Records:
┄┄┄┄┄┄

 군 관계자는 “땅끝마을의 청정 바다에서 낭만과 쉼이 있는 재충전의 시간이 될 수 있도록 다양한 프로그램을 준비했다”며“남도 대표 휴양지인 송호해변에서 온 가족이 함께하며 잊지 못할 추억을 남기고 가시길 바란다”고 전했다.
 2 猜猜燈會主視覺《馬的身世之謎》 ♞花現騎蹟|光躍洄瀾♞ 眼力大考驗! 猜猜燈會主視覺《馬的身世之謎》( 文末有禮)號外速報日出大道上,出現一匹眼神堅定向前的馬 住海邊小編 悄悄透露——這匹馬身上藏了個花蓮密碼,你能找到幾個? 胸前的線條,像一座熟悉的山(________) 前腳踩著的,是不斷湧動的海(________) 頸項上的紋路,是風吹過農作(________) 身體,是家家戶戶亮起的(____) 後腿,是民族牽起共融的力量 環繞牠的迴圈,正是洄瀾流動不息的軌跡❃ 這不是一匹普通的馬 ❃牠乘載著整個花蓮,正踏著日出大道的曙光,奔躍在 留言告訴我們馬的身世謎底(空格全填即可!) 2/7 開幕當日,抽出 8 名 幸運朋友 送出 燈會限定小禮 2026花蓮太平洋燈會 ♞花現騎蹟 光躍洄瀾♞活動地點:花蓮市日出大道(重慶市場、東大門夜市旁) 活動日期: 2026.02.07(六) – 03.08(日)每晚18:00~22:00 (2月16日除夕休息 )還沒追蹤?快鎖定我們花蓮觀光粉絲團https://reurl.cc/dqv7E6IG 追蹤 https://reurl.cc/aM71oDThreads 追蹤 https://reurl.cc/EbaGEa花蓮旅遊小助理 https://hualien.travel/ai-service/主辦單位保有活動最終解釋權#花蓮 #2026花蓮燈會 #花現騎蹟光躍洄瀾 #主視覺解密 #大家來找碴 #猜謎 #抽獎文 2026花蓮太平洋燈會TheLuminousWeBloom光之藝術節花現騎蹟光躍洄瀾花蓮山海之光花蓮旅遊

┄┄┄┄┄┄

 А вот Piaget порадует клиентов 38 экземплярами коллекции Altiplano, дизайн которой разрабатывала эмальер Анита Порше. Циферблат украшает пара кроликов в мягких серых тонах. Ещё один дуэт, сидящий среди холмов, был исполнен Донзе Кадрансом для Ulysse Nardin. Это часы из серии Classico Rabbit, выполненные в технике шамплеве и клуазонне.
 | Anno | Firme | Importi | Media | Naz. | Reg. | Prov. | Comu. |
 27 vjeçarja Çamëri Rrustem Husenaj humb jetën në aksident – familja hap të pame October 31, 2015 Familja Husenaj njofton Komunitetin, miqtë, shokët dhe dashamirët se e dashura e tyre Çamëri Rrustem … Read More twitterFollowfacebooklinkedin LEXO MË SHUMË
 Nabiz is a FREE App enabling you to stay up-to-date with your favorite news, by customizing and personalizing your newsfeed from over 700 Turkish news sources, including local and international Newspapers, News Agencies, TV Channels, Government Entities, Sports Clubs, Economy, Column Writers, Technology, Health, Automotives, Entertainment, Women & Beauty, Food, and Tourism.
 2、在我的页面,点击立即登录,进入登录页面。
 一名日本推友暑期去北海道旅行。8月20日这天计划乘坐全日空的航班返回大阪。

┄┄┄┄┄┄

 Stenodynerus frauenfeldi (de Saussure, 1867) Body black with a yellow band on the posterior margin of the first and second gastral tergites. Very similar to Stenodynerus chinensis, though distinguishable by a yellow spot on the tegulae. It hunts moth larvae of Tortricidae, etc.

┄┄┄┄┄┄

Could you reproduce, exactly, every line above from the line with "27 vjeçarja Çamëri" to the line with "一名日本推友暑期去北海道旅行。8月20日这天计划乘坐全日空的航班返回大阪。", and no other line? Both ends count.

 27 vjeçarja Çamëri Rrustem Husenaj humb jetën në aksident – familja hap të pame October 31, 2015 Familja Husenaj njofton Komunitetin, miqtë, shokët dhe dashamirët se e dashura e tyre Çamëri Rrustem … Read More twitterFollowfacebooklinkedin LEXO MË SHUMË
 Nabiz is a FREE App enabling you to stay up-to-date with your favorite news, by customizing and personalizing your newsfeed from over 700 Turkish news sources, including local and international Newspapers, News Agencies, TV Channels, Government Entities, Sports Clubs, Economy, Column Writers, Technology, Health, Automotives, Entertainment, Women & Beauty, Food, and Tourism.
 2、在我的页面,点击立即登录,进入登录页面。
 一名日本推友暑期去北海道旅行。8月20日这天计划乘坐全日空的航班返回大阪。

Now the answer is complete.